I was curious why there is so much talk on here of .us, .cc, .info, etc.
Just from personal experience, registering anything besides a .com is a waste of money unless it's a rare 2 or possible 3 (letter) character domain, and even then should preferrably be a .net, or .org.
Obviously dictionary terms and brandable words ending in .us, or whatever may be sellable, but are they developable? Would you build a costly website project on it? Probably not, why would you?
Also, buying and owning 100's of domains can be a serious waste of money from an investment standpoint. From experience learning from some of the greatest domain speculators who own thousands of domains and drop 100's a year, you should be extra careful what you register. You can be nearly certain that you will be disappointed and will drop a lot of those non .com domains, as professional domain speculators drop 100's of fairly good .com's per year because they aren't developable.
Some rules you should follow are:
Dot Coms Only
No dashes, numbers or variations (name-pros.com or go2hawaii.com)
avoid typos as tempting as they are for redirects (britnayspears.com)
focus on domains related to your trade/job/expertise
avoid long domains, too many syllables, and phrases (todayisawonderfulday.com)
avoid spelling errors, mixed words, or hard to spell words (transcendingood.com)
Attempt to coin (google.com) marketable dot coms words or word combos
If you find a great dot com that you want to develop, consider snapping up the .net and .org version not for development, but for protection.
In closing, register domains that you can visualize a profitable/brandable business model around. A website will lose credibilty as a business if its not a dot com. If everyone is shopping at amazon.com, ebay.com, walmart.com, and you come out with electronicstore .cc, .info, .biz, etc., you likely aren't going to get much business. People are already afraid of identity theft on the web. They want trusted sites.

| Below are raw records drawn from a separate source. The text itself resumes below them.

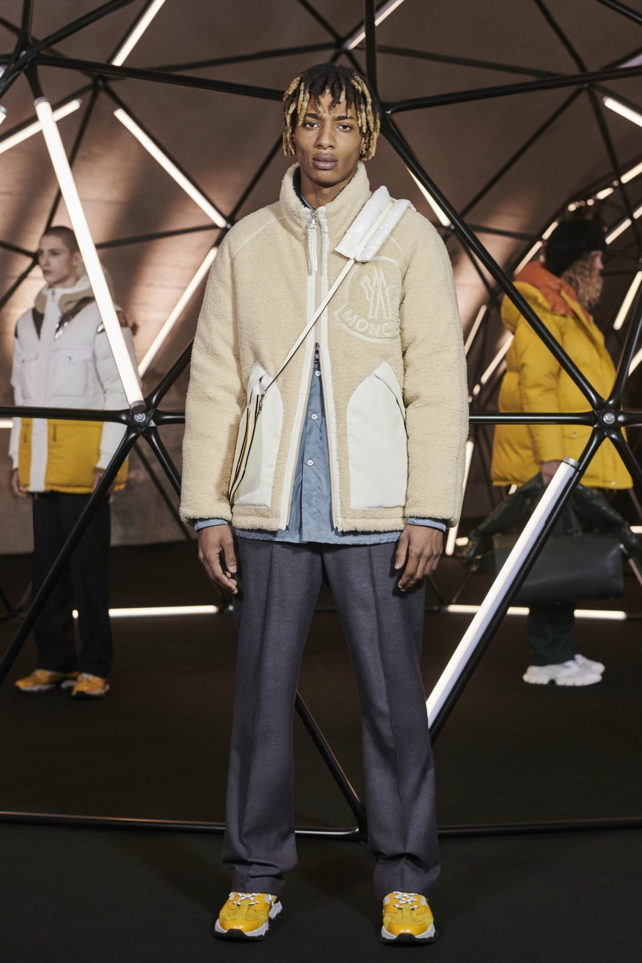 今回、Sergio Zambon はユースカルチャーに根付いた MONCLER のヘリテージを再解釈し、リラックスしたスピリットをメンズコレクションで表現。21世紀のクールなクライマーをイメージし、ボリュームのあるパーカーやジップアップブルゾンを中心にタイダイ柄やヒッピーなフリンジなどのディテールでアクセントを効かせている。
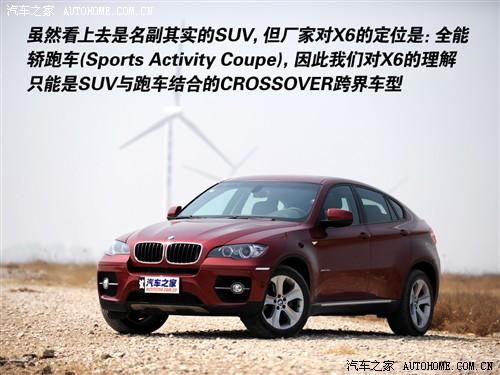 跨界的概念最早出現(xiàn)在尺寸比較小的車(chē)上,例如我們接觸較早的SX4和CROSS POLO,但誰(shuí)也沒(méi)有規(guī)定只有小車(chē)才能跨界吧?現(xiàn)在跨界的概念已經(jīng)延伸到了SUV和跑車(chē)領(lǐng)域,那么今天我們體驗(yàn)的寶馬X6是怎么跨界的呢?廠(chǎng)家說(shuō)它是一款全能轎跑車(chē),或者說(shuō)是一款具備越野功能的轎跑車(chē),所以我們可以認(rèn)為它是一款SUV和轎跑車(chē)跨界的車(chē)型。
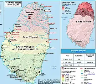 La Soufrière, a stratovolcano on the Caribbean island of Saint Vincent in Saint Vincent and the Grenadines, began an effusive eruption on 27 December 2020. On 9 April 2021 there was an explosive eruption, and the volcano "continued to erupt explosively" over the following days, with pyroclastic flows.[4] The activity pattern of the eruption was comparable to that of the event that occurred in 1902, which had a Volcanic Explosivity Index (VEI) of 4.[5][1] The volcano is known to have erupted 23 times in the last 4,000 years, and had been dormant since 1979.[1]
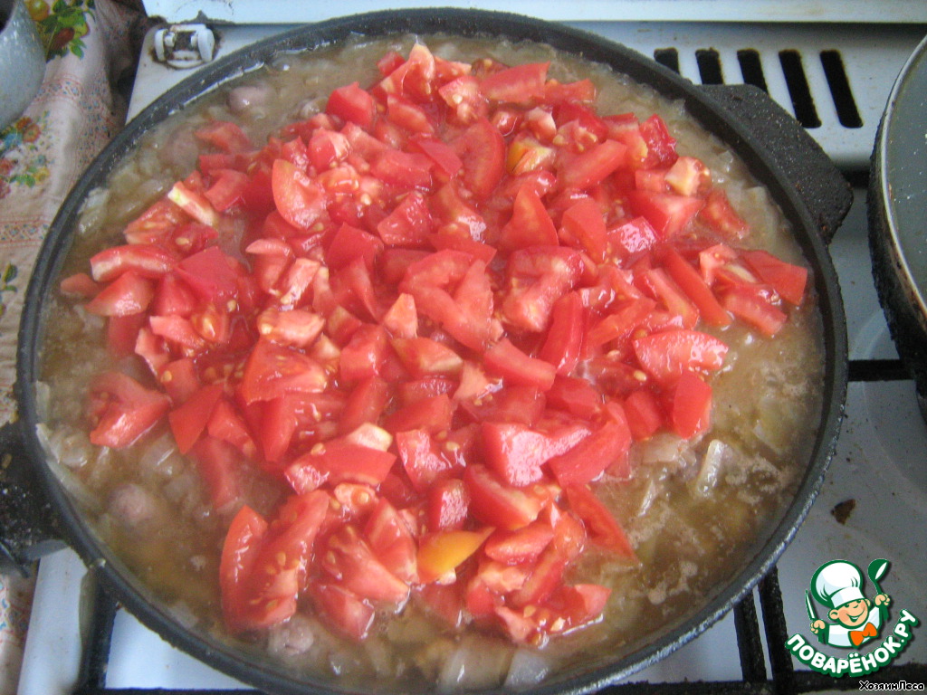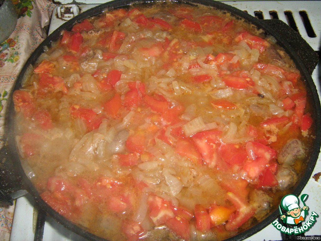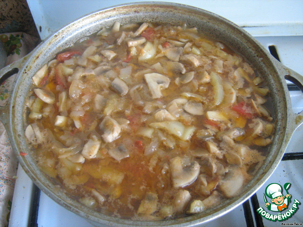 К сердечкам добавляем перец и грибы. на данном этапе мне пришлось пересыпать все в казанок, так как сковородка оказалась маленькой, так что стоит рассчитывать размер посуды. Все это перемешиваем и тушим под крышкой на среднем огне минут 15, потом выключаем и ждем еще минут 5-10.

And say you do develop a lucrative advertising campaign, you will likely push most of your traffic over time to the dot com version.
So you're only other option is an informative site (books.info) which generally is also very unprofitable.
If you disagree, that's fine, but please at least try to support your rationale or give some kind of example as to why you feel differently.
Just from personal experience, registering anything besides a .com is a waste of money unless it's a rare 2 or possible 3 (letter) character domain, and even then should preferrably be a .net, or .org.
Obviously dictionary terms and brandable words ending in .us, or whatever may be sellable, but are they developable? Would you build a costly website project on it? Probably not, why would you?
Also, buying and owning 100's of domains can be a serious waste of money from an investment standpoint. From experience learning from some of the greatest domain speculators who own thousands of domains and drop 100's a year, you should be extra careful what you register. You can be nearly certain that you will be disappointed and will drop a lot of those non .com domains, as professional domain speculators drop 100's of fairly good .com's per year because they aren't developable.
Some rules you should follow are:
Dot Coms Only
No dashes, numbers or variations (name-pros.com or go2hawaii.com)
avoid typos as tempting as they are for redirects (britnayspears.com)
focus on domains related to your trade/job/expertise
avoid long domains, too many syllables, and phrases (todayisawonderfulday.com)
avoid spelling errors, mixed words, or hard to spell words (transcendingood.com)
Attempt to coin (google.com) marketable dot coms words or word combos
If you find a great dot com that you want to develop, consider snapping up the .net and .org version not for development, but for protection.
In closing, register domains that you can visualize a profitable/brandable business model around. A website will lose credibilty as a business if its not a dot com. If everyone is shopping at amazon.com, ebay.com, walmart.com, and you come out with electronicstore .cc, .info, .biz, etc., you likely aren't going to get much business. People are already afraid of identity theft on the web. They want trusted sites.
And say you do develop a lucrative advertising campaign, you will likely push most of your traffic over time to the dot com version.
So you're only other option is an informative site (books.info) which generally is also very unprofitable.
If you disagree, that's fine, but please at least try to support your rationale or give some kind of example as to why you feel differently.